• What to produce: Where pictures appear, omit them, and copy exactly only the lines from the start of the listing through the line containing "要注意的是,堪培拉Matri", both included.

• Data:
———
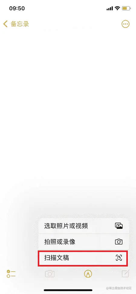 第二步:新建一个备忘录后打开【扫描文稿】。
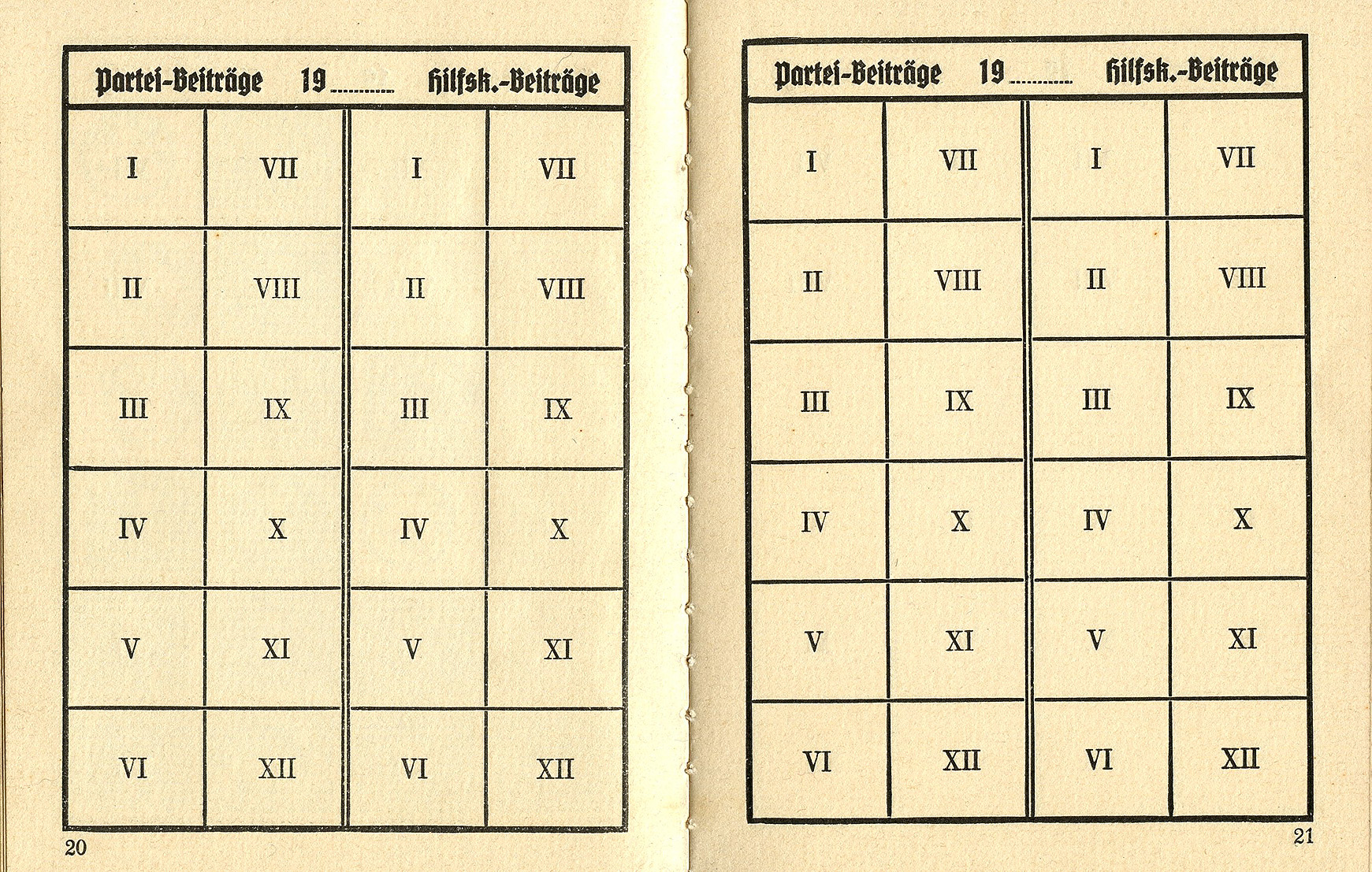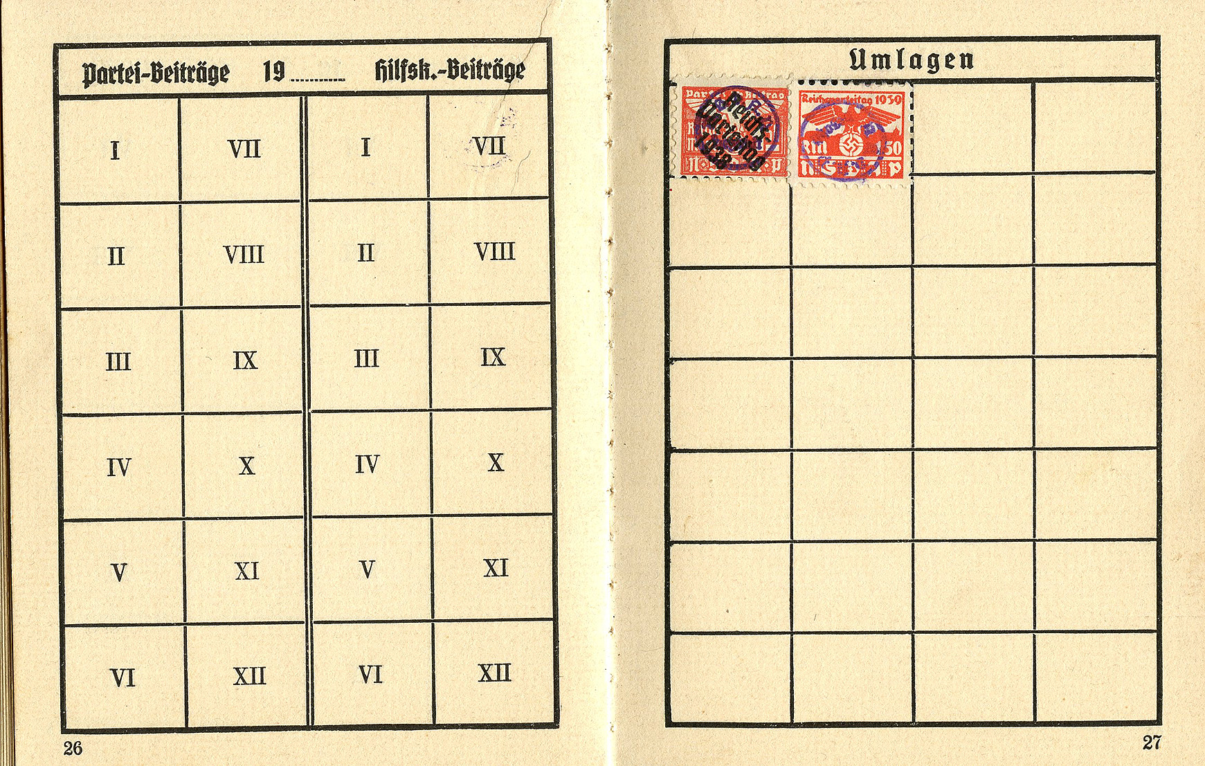[Below: NSDAP membership book pages #13-14 - a page full of membership dues stamps.]
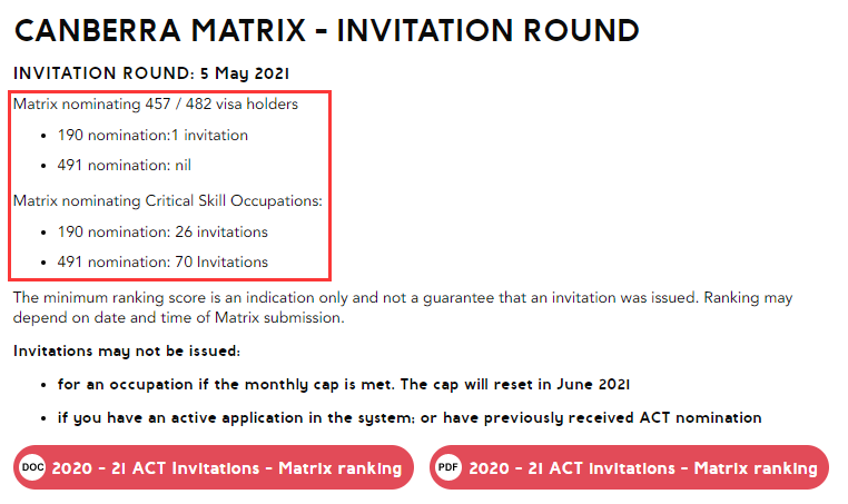 要注意的是,堪培拉Matrix的邀請(qǐng)?jiān)瓌t是優(yōu)先邀請(qǐng)Matrix分?jǐn)?shù)較高的申請(qǐng)人,而且每個(gè)職業(yè)大類每月的邀請(qǐng)名額有限制,如果當(dāng)月的邀請(qǐng)名額已發(fā)完,當(dāng)月將不再發(fā)出邀請(qǐng)。所以,只有在本組職業(yè)類別中分?jǐn)?shù)越高,排名越靠前,才更有機(jī)會(huì)獲邀。
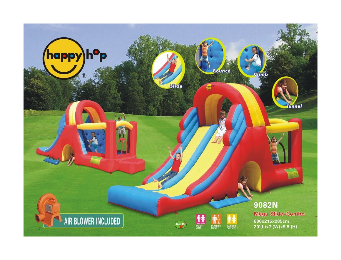 GIOCO GONFIABILE MEGA SCIVOLO COMBO ART.9082 mis. 600 x 215 cm HAPPY AIR MEGA SCIVOLO COMBO Art. 9082 - Gonfiabile Happy Hop con SCIVOLO, TUNNEL, SALTERELLO ed ARRAMPICATA GIOCO GONFIABILE MEGA SCIVOLO ART.9082 2 Mega scivoli, saltarello, arrampicata e tunnel! Nylon e PVC laminato con doppia cucitura per una maggiore resistenza. Sicuri; senza spigoli, senza parti taglienti Certificati CE, TUV e GS BR> CARATTERISTICHE TECNICHE; - Dimensioni; lungh x prof x h; cm 600 x 215 x 285 - Età minima consigliata: 3 anni - Numero max di bambini; 4 - Altezza massima bambino; 150 cm - Peso max supportato; 180 kg - Dimensioni scatola; cm 80 x 45 x 43 - Peso; 32 kg saltarello gonfiabile gioco ad aria giochi gonfiabili vendita gonfiabili gonfiabili bambini parco gonfiabile gonfiabili per feste giostra gonfiabile giostre gonfiabili Il Castello gonfiabile Action Air "Megascivolo Combo" dispone di due grandi scivoli, grande superficie per saltare, parete per arrampicarsi e tunnel. Il tutto su una superficie complessiva di 13 mq. I castelli gonfiabili sono stati studiati per rendere il giardino o la casa più divertente per tutta la famiglia. I giochi gonfiabili hanno molto successo tra i bambini perchè garantiscono un elevato e spettacolare effetto di divertimento e allegria in piena sicurezza grazie al fatto che l'intera struttura non è altro che un enorme cuscino d'aria. I bambini possono saltare, scivolare e arrampicarsi in tutta sicurezza dando sfogo alla loro energia e voglia di giocare grazie alle reti protettive su ogni lato. Sono giochi ideali anche per una festa o un evento particolare, come un compleanno o una ricorrenza speciale. I castelli hanno la superficie extra robusta e le giunture sono doppiamente cucite. La struttura interna è composta da camere d'aria che svolgono la funzione di garantire un flusso d'aria omogeneo su tutta la superfice del castello durante i salti e i giochi dei bambini. I castelli possono essere utilizzati anche con la presenza di piccoli fori (1-2cm), non vi è alcun pericolo e possono essere ripararati con l'apposito kit di riparazioni incluso nella confezione. Il gonfiatore rimane acceso durante tutto il periodo d'utilizzo e gonfia la struttura in appena 60 secondi. Il castello è certificato secondo le norme Europee CE, Certificato T?V GS. Questo articolo non è consigliato per uso commerciale (es:parchi di divertimento). CARATTERISTICHE TECNICHE: Dimensioni: 600 x 215 x 285 cm Dimensioni imballo: 80 x 45 x 43 cm Peso: 33 kg Età max utilizzatore: dai 3 anni su Max numero utilizzatori: 4 bimbi Altezza massima utente: 150 cm Peso massimo supportato: 180 kg CONTENUTO DELLA CONFEZIONE: Gonfiatore elettrico Manuale d'uso Paletti per il fissaggio KIT di riparazione Borsa da trasporto in nylon Certificato GS, TUV, CE Garanzia Action Air 12 mesi Perdite dai buchi delle giunture sono del tutto normali, non trattasi di difetti. Inoltre l'apertura di una cucitura non è coperta da garanzia, ogni cucitura può essere semplicemente cucita a mano con ago e filo resistente.
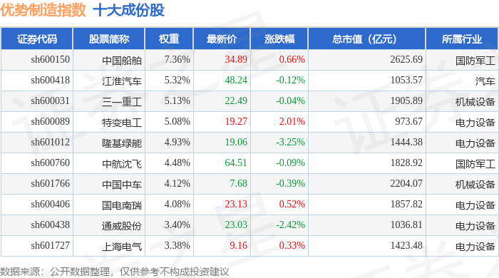 优势制造(000146)指数十大成份股详情如下:
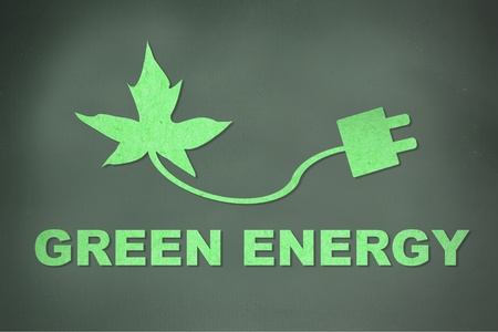 Green leaves arranged to spell green energy, symbolizing sustainability.
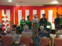 昨日の敬老会での一場面・・・ボランティアの民謡の方々にお越しいただいて三味線の伴奏でお祝いの唄を歌って頂きました。
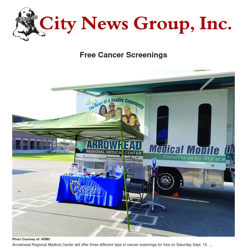 Arrowhead Regional Medical Center (ARMC) is offering free screenings for breast, colorectal and cervical cancers on Saturday, Sept. 15. Registration begins at 8:30 a.m., with screenings beginning at 9 a.m. and concluding at 1 p.m. Attendees are encouraged to come early, as only the first 200 registrants can be screened.
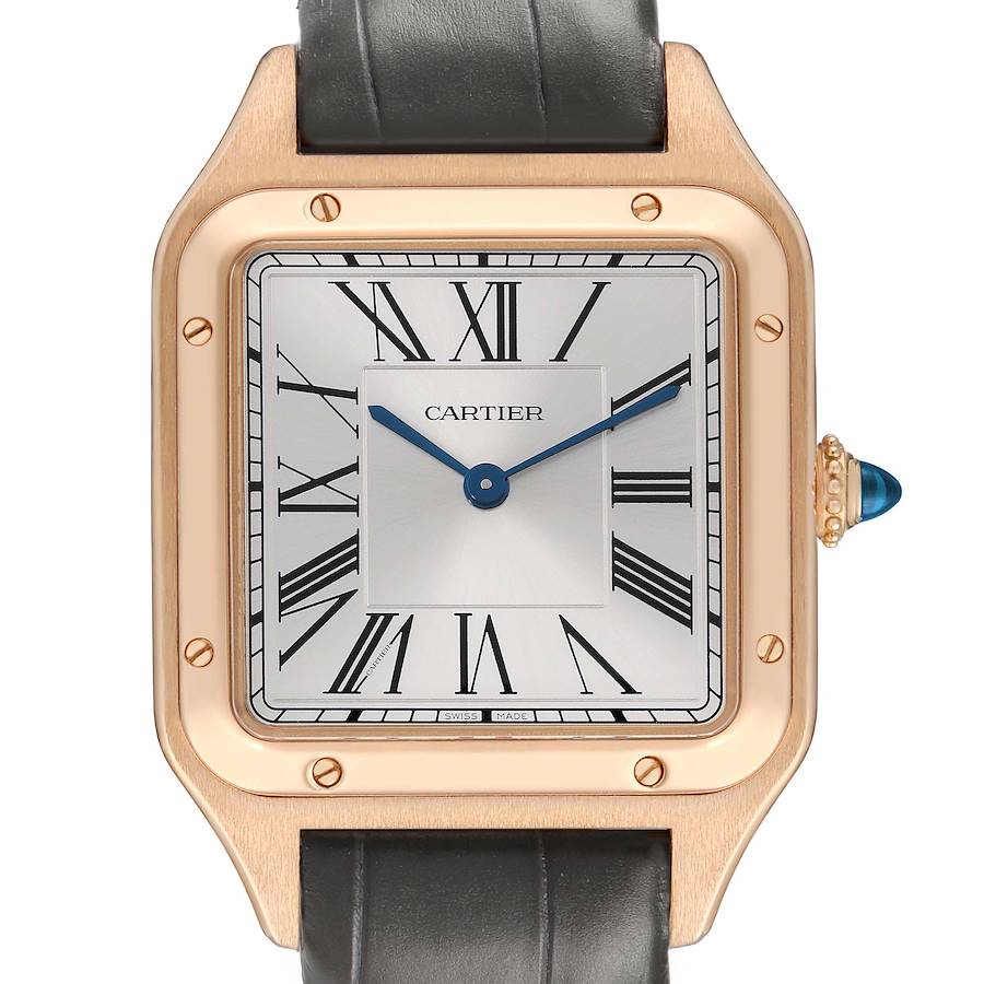 Cartier Santos Dumont Large Rose Gold Silver Dial Mens Watch WGSA0021 Card. Quartz movement. 18k rose gold case 43.5 mm x 31.4 mm. Case thickness 7.3 mm. Circular grained crown set with blue sapphire cabochon. 18k rose gold bezel punctuated with 8 signature screws. Scratch resistant sapphire crystal. Satin-brushed with sunray effect silver dial with black Roman numerals. Sword shaped blued steel hands. Secret Cartier signature at VII. Grey leather strap with an 18k rose gold tang buckle.
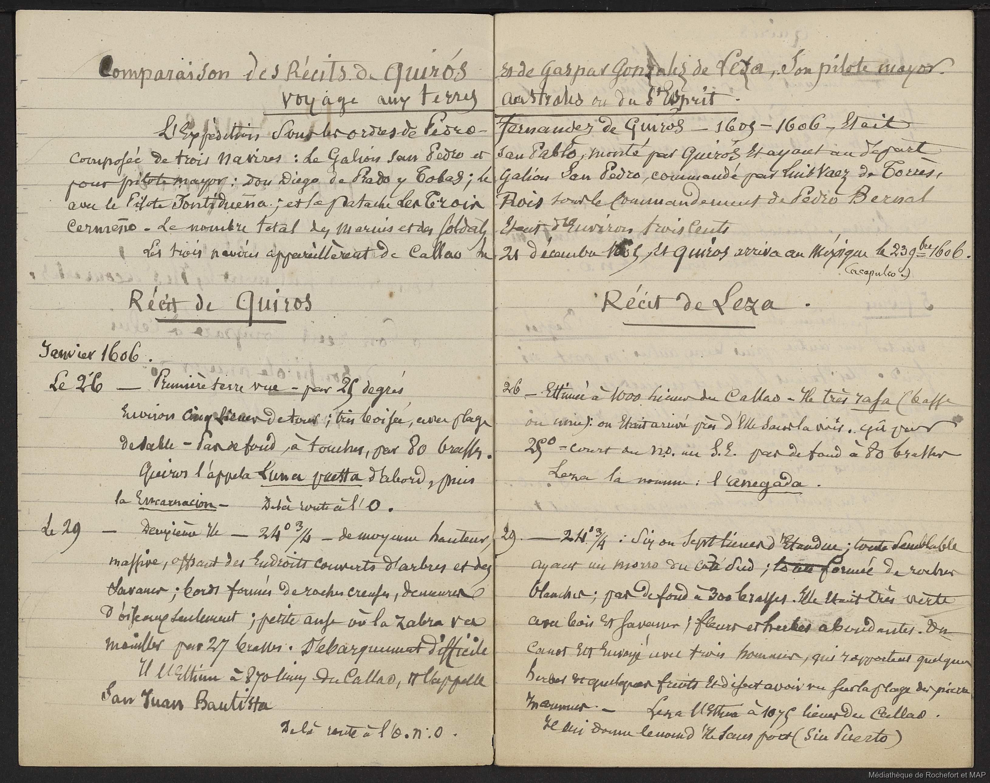 Lesson, Pierre-Adolphe [accessed: 2026/2/4]. "Récit du voyage de Quiros aux terres austriales en 1605 et 1606 (B172996201_Ms00165)" (Object Id: 164022). In
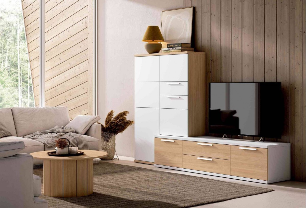 - Bajo de 192.1 x 45.2 x 43.4 cm con 2 cajones y 2 puertas
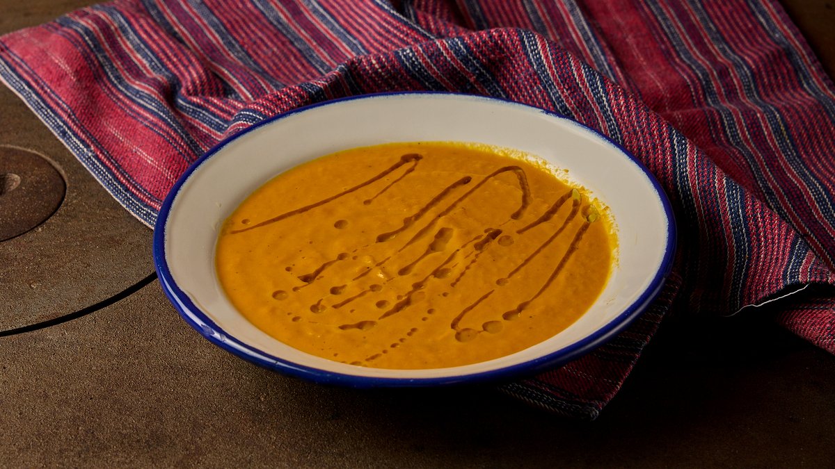 Με καρότο , ginger , κρεμμύδι, κρουτόν και λάδι πορτοκαλιού
———
• Reply to the exercise:
 第二步:新建一个备忘录后打开【扫描文稿】。
[Below: NSDAP membership book pages #13-14 - a page full of membership dues stamps.]
 要注意的是,堪培拉Matrix的邀請(qǐng)?jiān)瓌t是優(yōu)先邀請(qǐng)Matrix分?jǐn)?shù)較高的申請(qǐng)人,而且每個(gè)職業(yè)大類每月的邀請(qǐng)名額有限制,如果當(dāng)月的邀請(qǐng)名額已發(fā)完,當(dāng)月將不再發(fā)出邀請(qǐng)。所以,只有在本組職業(yè)類別中分?jǐn)?shù)越高,排名越靠前,才更有機(jī)會(huì)獲邀。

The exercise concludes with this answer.